Dataset records
* * *

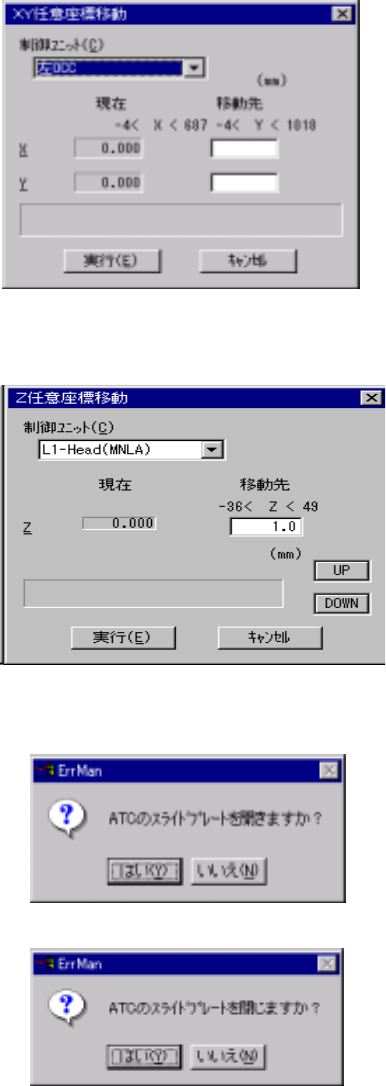 「 手動方式 」 : XY 移動ボタン、Z 移動ボタン、ATC 開ボタン、ATC 閉ボタンを操作し、
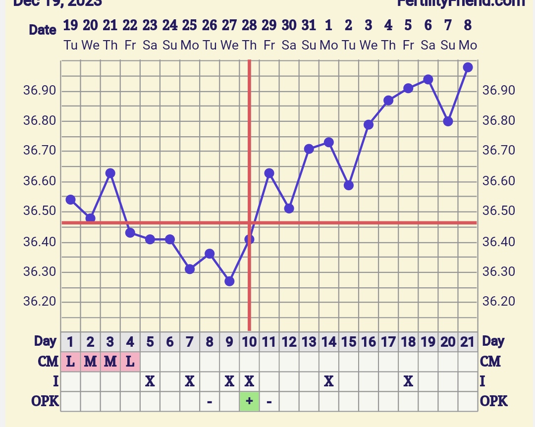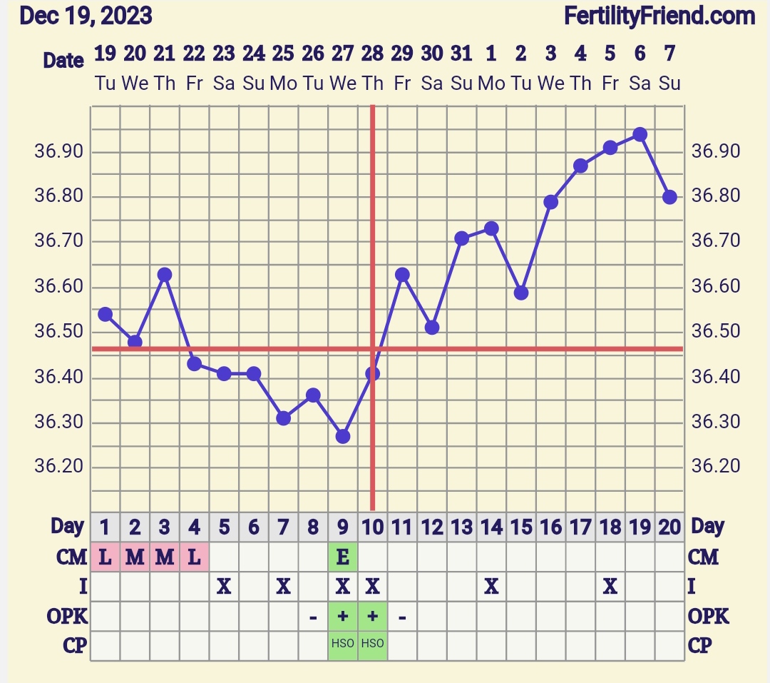 @kristinkaris noooo mne sa to nejak nezdá lebo by si mala mat 3dni vyššie teploty aspoň o 0.2 ako predošlých 6 dni. Inak ja mám divný graf dosť, ovu test boo pozitívny vo štvrtok ale takto mi to tu dalo, keď som tam mala aj výtok tak mi to dalo o dva dni neskôr a @dracik07 ako dnes ?
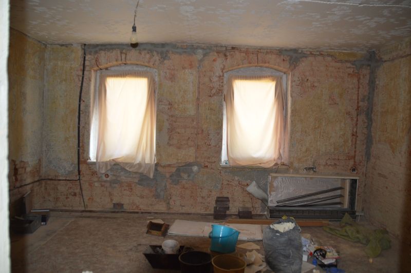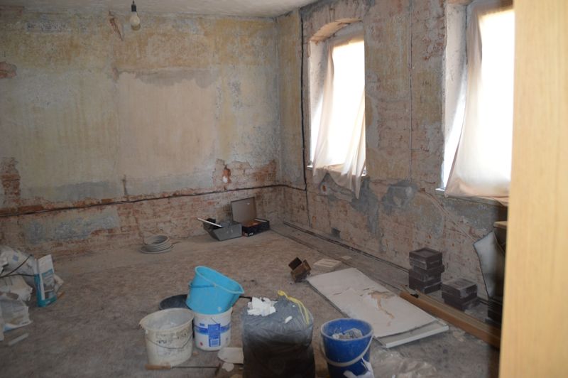 - Innenwände verputzt und teilweise tapeziert, teilweise sanierungsbedingt Putz abgeschlagen
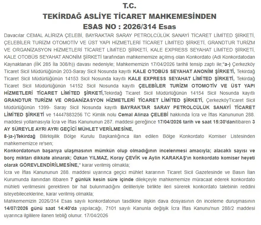 Karar kapsamında Cemal Alirıza Çelebi, Bayraktar Saray Petrolcülük, Çelebiler Turizm Otomotiv, Grandtur Turizm, Kale Express Seyahat ve Kale Otobüs Seyahat de konkordato sürecine dahil edildi.
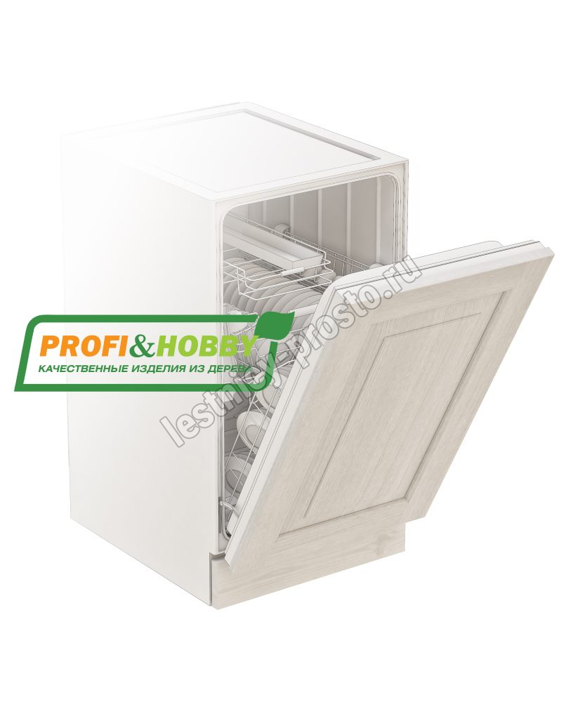 Фасад для посудомоечной машины изготовлен из 100% массива дерева, без шпона и без МДФ/ДСП.
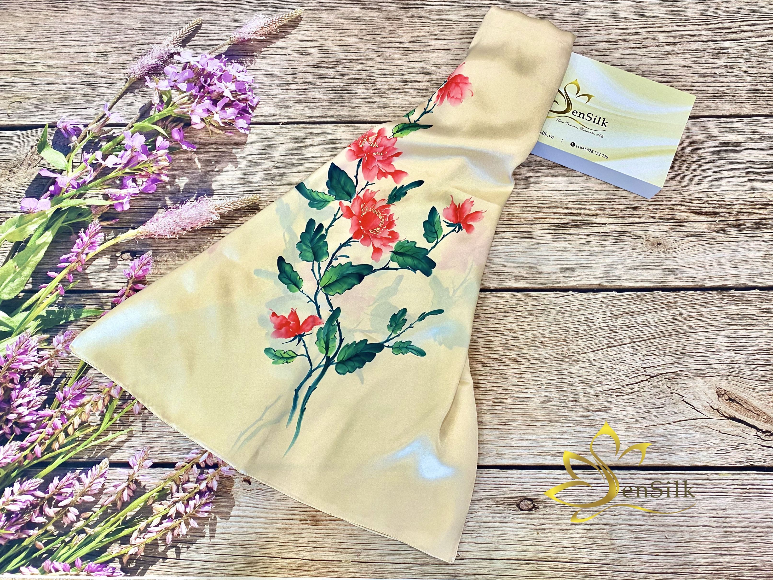 Khăn Lụa Vẽ Tay Hoa Mẫu Đơn SenSilk – Quà Việt Nam được xem là loài hoa của sự vương giả, phú quý và giàu sang. Chính bởi vậy, mẫu đơn không chỉ được người ta ưa chuộng bởi vẻ đẹp, khí chất đặc biệt mà còn bởi những ý nghĩa tốt lành mà nó mang lại.!
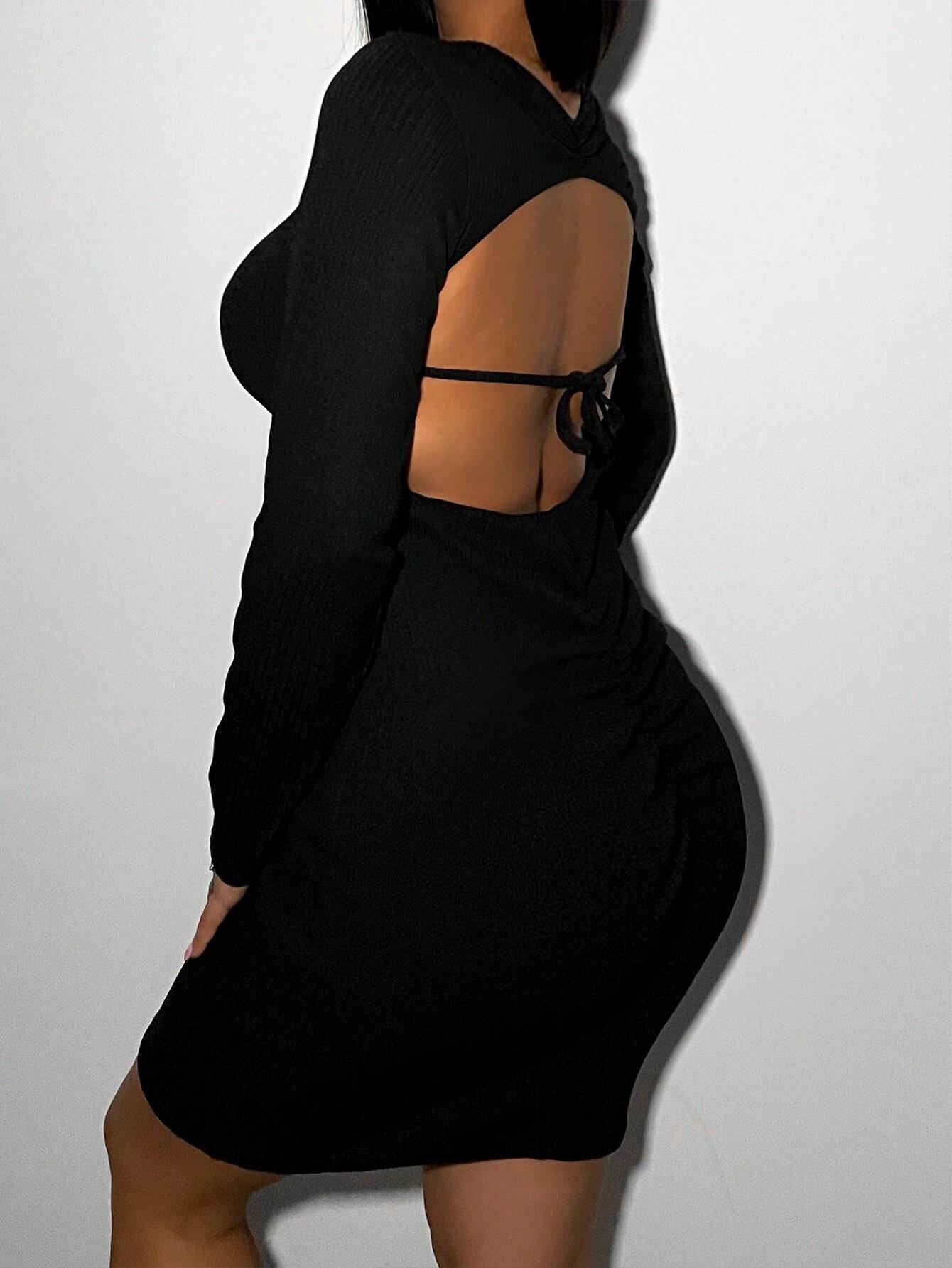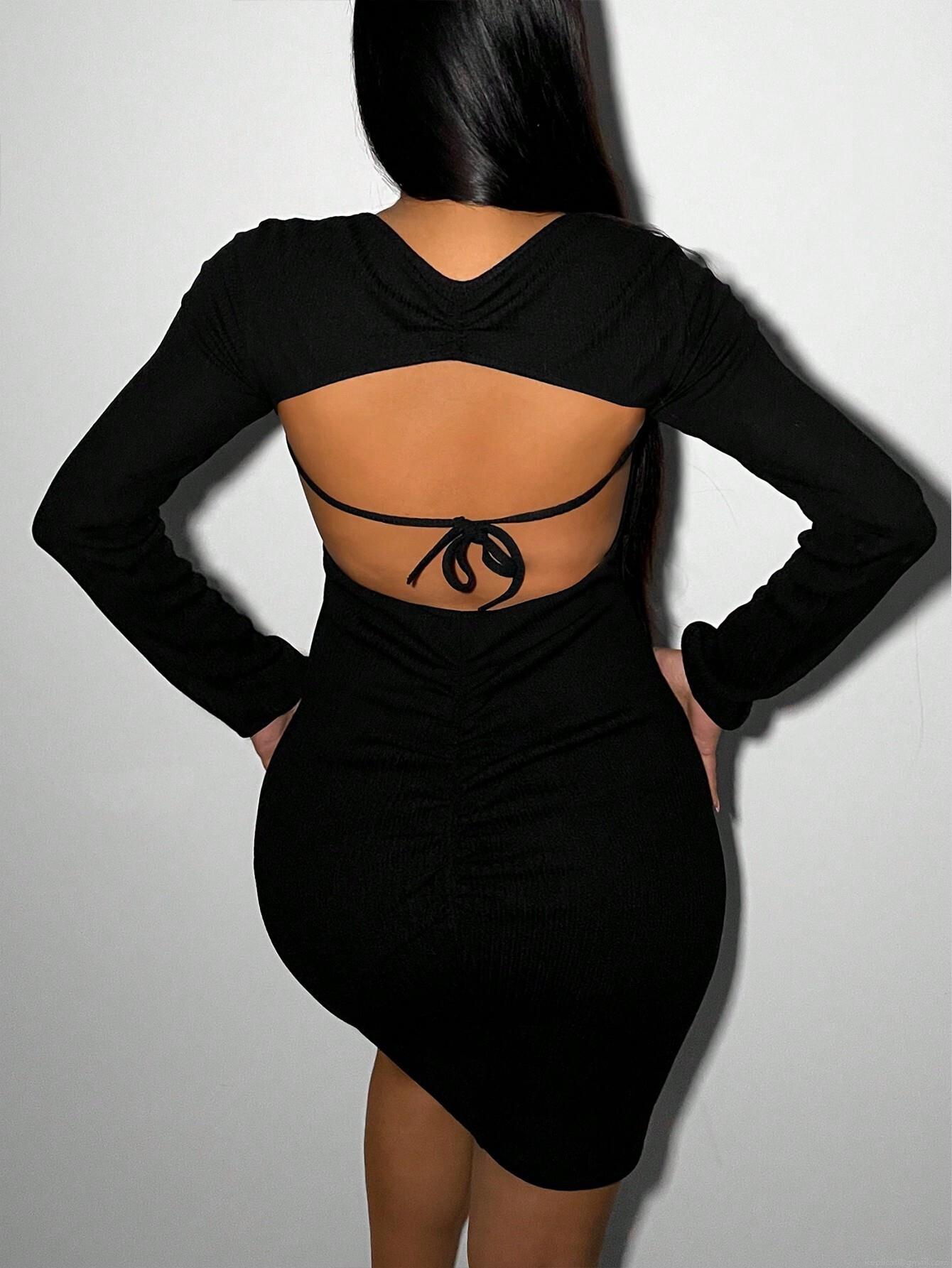 • Women's Sexy Backless Ribbed Knit Bodycon Mini Dress Long Sleeve Solid Color Lace Up Party Club Dress
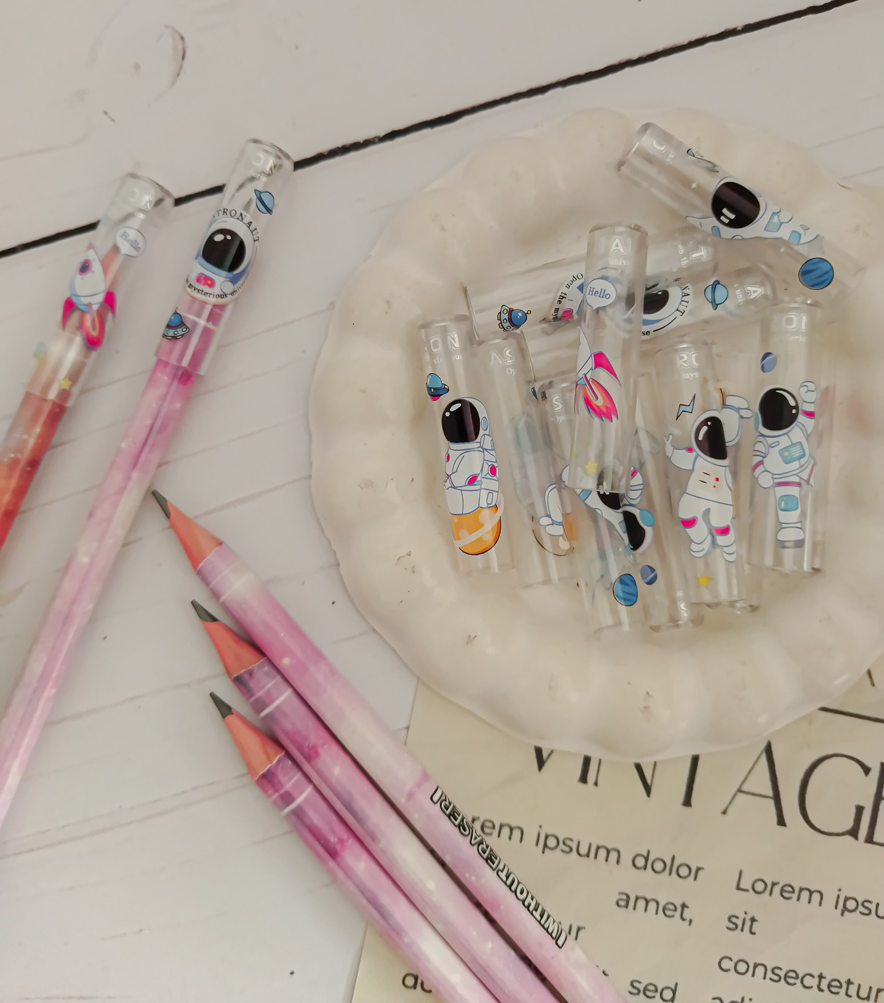 حالا ما برای بچهای دبستانی که خودکار ندارن ولی همیشه جامدادیشون سیاه و کثیف میشه برای مداد هاشون درب های کیوت آوردیم 🥹
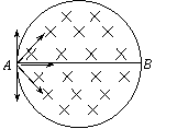 18.如图所示,一匀强磁场磁感应强度为B,方向向里,其边界是半径为R的圆,AB为圆的一条直径。在A点有一粒子源向圆平面内的各个方向发射质量m、电量-q的粒子,粒子重力不计。
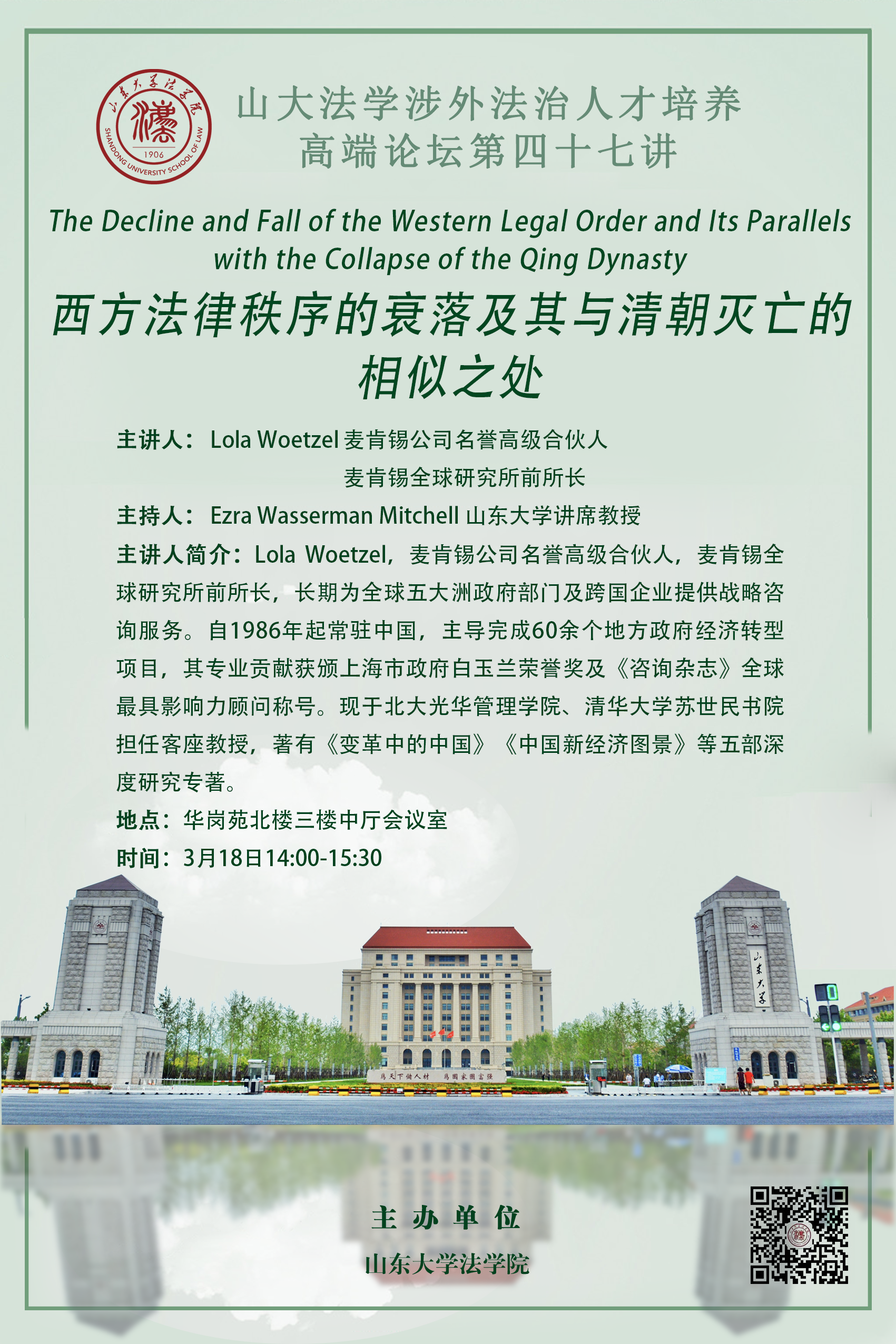 讲座预告|山大法学涉外法治人才培养高端论坛第四十七讲:西方法律秩序的衰落及其与清朝灭亡的相似之处

* * *

§ Work task: From the first line of the entries above through the line with "a @dracik07 ako dnes ?", set down each line exactly and drop the pictures.

§ Response to this exercise:
 「 手動方式 」 : XY 移動ボタン、Z 移動ボタン、ATC 開ボタン、ATC 閉ボタンを操作し、
 @kristinkaris noooo mne sa to nejak nezdá lebo by si mala mat 3dni vyššie teploty aspoň o 0.2 ako predošlých 6 dni. Inak ja mám divný graf dosť, ovu test boo pozitívny vo štvrtok ale takto mi to tu dalo, keď som tam mala aj výtok tak mi to dalo o dva dni neskôr a @dracik07 ako dnes ?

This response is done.